Polski kontyngent w Afganistanie większy o 300 żołnierzy
W trzeciej zmianie polski kontyngent wojskowy w Afganistanie zwiększy się o blisko 300 osób obsługujących śmigłowce i regionalny zespół odbudowy - dowiedziała się Polska Agencja Prasowa ze źródeł zbliżonych do dowództwa sojuszniczych sił NATO, któremu podlegają operacje wojskowe, w tym ISAF.
29.11.2007 | aktual.: 29.11.2007 19:35
W III zmianie PKW, która zacznie działać w Afganistanie wiosną 2008 roku, dodatkowo 180 żołnierzy będzie obsługiwać śmigłowce - cztery transportowe Mi-17 i cztery bojowe Mi-24. Stu ludzi stanie się obsadą prowadzonego przez Polskę regionalnego zespołu odbudowy Provincial Reconstruction Team (PRT). Śmigłowce są obecnie przygotowywane do lotów w rozrzedzonym górskim powietrzu.
Helikoptery, które mają być gotowe do eksploatacji na początku trzeciej zmiany polskiego kontyngentu, mają w pewnym stopniu uniezależnić polskie wojsko od amerykańskiego transportu.
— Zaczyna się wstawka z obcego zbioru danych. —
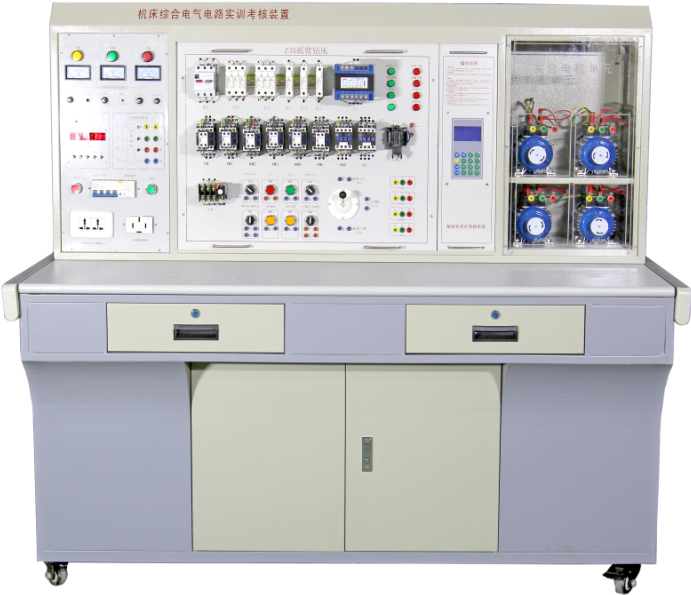 機(jī)床電氣控制實(shí)訓(xùn)室設(shè)備是機(jī)電設(shè)備維修與管理、電氣自動化技術(shù)等專業(yè)學(xué)生的實(shí)訓(xùn)場所,通過實(shí)驗(yàn)、實(shí)訓(xùn),使學(xué)生掌握工廠常用的各類型設(shè)備的電路維護(hù)檢修。如鉆床控制電路、車床控制電路、銑床控制電路、磨床控制電路及鏜床控制電路等。主要產(chǎn)品有普通車床、萬能銑床、萬能外圓磨床實(shí)訓(xùn)考核裝置,可開展機(jī)床常用電器及選擇、機(jī)床繼電器控制電路的基本環(huán)節(jié)、典型機(jī)床繼電器控制系統(tǒng)的分析和設(shè)計(jì)方法、機(jī)床維修等實(shí)訓(xùn)內(nèi)容。機(jī)床電氣控制實(shí)訓(xùn)室設(shè)備面向?qū)I(yè)、機(jī)電一體化技術(shù)、機(jī)械制造與自動化、電氣自動化技術(shù)專業(yè) 、實(shí)訓(xùn)目的、通過實(shí)驗(yàn)實(shí)訓(xùn)使學(xué)生掌握典型機(jī)床電氣控制系統(tǒng)的安裝、調(diào)試及維護(hù)的操作技能,提高學(xué)生的動手能力。本實(shí)訓(xùn)室還可用高級維修電工技能鑒定的培訓(xùn)和考核。 機(jī)床電氣技能實(shí)訓(xùn)考核鑒定裝置、主要實(shí)訓(xùn)項(xiàng)目及功能 、主要承擔(dān)《機(jī)床電氣控制系統(tǒng)運(yùn)行與維護(hù)》、《常用電氣設(shè)備控制檢修與維護(hù)》、《高級維修電工考證培訓(xùn)》等課程實(shí)訓(xùn)、實(shí)驗(yàn)教學(xué)以及相關(guān)的職業(yè)技能鑒定,可開展實(shí)訓(xùn)項(xiàng)目: CA6140車床電氣控制線路的安裝、調(diào)試及維護(hù)。 X62W萬能銑床電氣控制線路的安裝、調(diào)試及維護(hù)。 Z3040搖臂鉆床電氣控制線路的安裝、調(diào)試及維護(hù)。 電動葫蘆電氣控制線路的安裝、調(diào)試及維護(hù)。 職業(yè)技能培訓(xùn)及鑒定、考證。 機(jī)床電氣技能實(shí)訓(xùn)考核裝置、C6140 普通車床電氣技能實(shí)訓(xùn)考核裝置(半實(shí)物)、M1432 萬能外圓磨床電氣技能實(shí)訓(xùn)考核裝置(半實(shí)物)、M7120 平面磨床電氣技能實(shí)訓(xùn)考核裝置(半實(shí)物)|網(wǎng)絡(luò)型平面磨床電氣技能實(shí)訓(xùn)智能考核裝置、PDH 電動葫蘆電氣技能實(shí)訓(xùn)考核裝置(半實(shí)物)、機(jī)床電氣技能實(shí)訓(xùn)考核鑒定裝置、T68 臥室鏜床電氣技能實(shí)訓(xùn)考核裝置(半實(shí)物)、X62W 型萬能銑床電氣技能實(shí)訓(xùn)考核裝置 ( 半實(shí)物 )、Z3040 搖臂鉆床電氣技能實(shí)訓(xùn)考核裝置(半實(shí)物)、C650-2 普通車床電氣技能培訓(xùn)考核實(shí)驗(yàn)裝置|網(wǎng)絡(luò)型普通車床電氣技能實(shí)訓(xùn)智能考核裝置、M7130K型 平面磨床電氣技能培訓(xùn)考核實(shí)驗(yàn)裝置、網(wǎng)絡(luò)型平面磨床電氣技能實(shí)訓(xùn)智能考核裝置、PBA龍門刨床電氣技能培訓(xùn)考核實(shí)驗(yàn)裝置、網(wǎng)絡(luò)型龍門刨床電氣技能實(shí)訓(xùn)智能考核裝置、綜合機(jī)床電氣電路實(shí)訓(xùn)考核鑒定裝置(四個機(jī)床電路)、 綜合機(jī)床電氣電路實(shí)訓(xùn)考核鑒定裝置(四個機(jī)床電路)、T68 臥式鏜床實(shí)訓(xùn)及技能考核裝置、網(wǎng)絡(luò)型臥式鏜床電氣技能實(shí)訓(xùn)智能考核裝置、機(jī)床電氣控制技術(shù)及工藝實(shí)訓(xùn)考核裝置、機(jī)床電氣實(shí)驗(yàn)臺、網(wǎng)孔型萬能機(jī)床電路實(shí)訓(xùn)考核鑒定裝置、網(wǎng)孔型萬能機(jī)床電路實(shí)訓(xùn)考核鑒定裝置(含 PLC 、變頻器)、X62W萬能銑床實(shí)訓(xùn)及技能考核裝置、網(wǎng)絡(luò)型萬能銑床電氣實(shí)訓(xùn)智能考核裝置、Z3040B搖臂鉆床電氣技能培訓(xùn)考核實(shí)驗(yàn)裝置、網(wǎng)絡(luò)型搖臂鉆床電氣技能實(shí)訓(xùn)智能考核裝置、機(jī)床電氣電路仿真實(shí)訓(xùn)考核裝置、機(jī)床電器電路實(shí)驗(yàn)臺、網(wǎng)絡(luò)化智能型機(jī)床電氣技能實(shí)訓(xùn)考核裝置。

Wysłanie własnych śmigłowców do Afganistanu zapowiedział jeszcze Radosław Sikorski, gdy był ministrem obrony.
W Afganistanie działa obecnie blisko 38 PRT. Są to zespoły cywilów i wojskowych, a do ich zadań należy pomoc w zapewnieniu bezpieczeństwa i odbudowie infrastruktury. Dotychczas Polacy w Afganistanie nie kierują żadnym z takich zespołów, polski pododdział w Mazar-e-Sharif ochrania PRT kierowany przez Szwedów.
Pod koniec października misję w ramach ISAF oficjalnie przejęła druga półroczna zmiana polskiego kontyngentu. Liczy on do 1200 ludzi. Ich zadania to zapewnienie bezpieczeństwa, szkolenie afgańskich żołnierzy i policjantów, ochrona projektów odbudowy. Polskie wojska stacjonują w Kabulu, Bagram, Mazar-i-Szarif, prowincjach Ghazni i Paktika oraz w Kandaharze.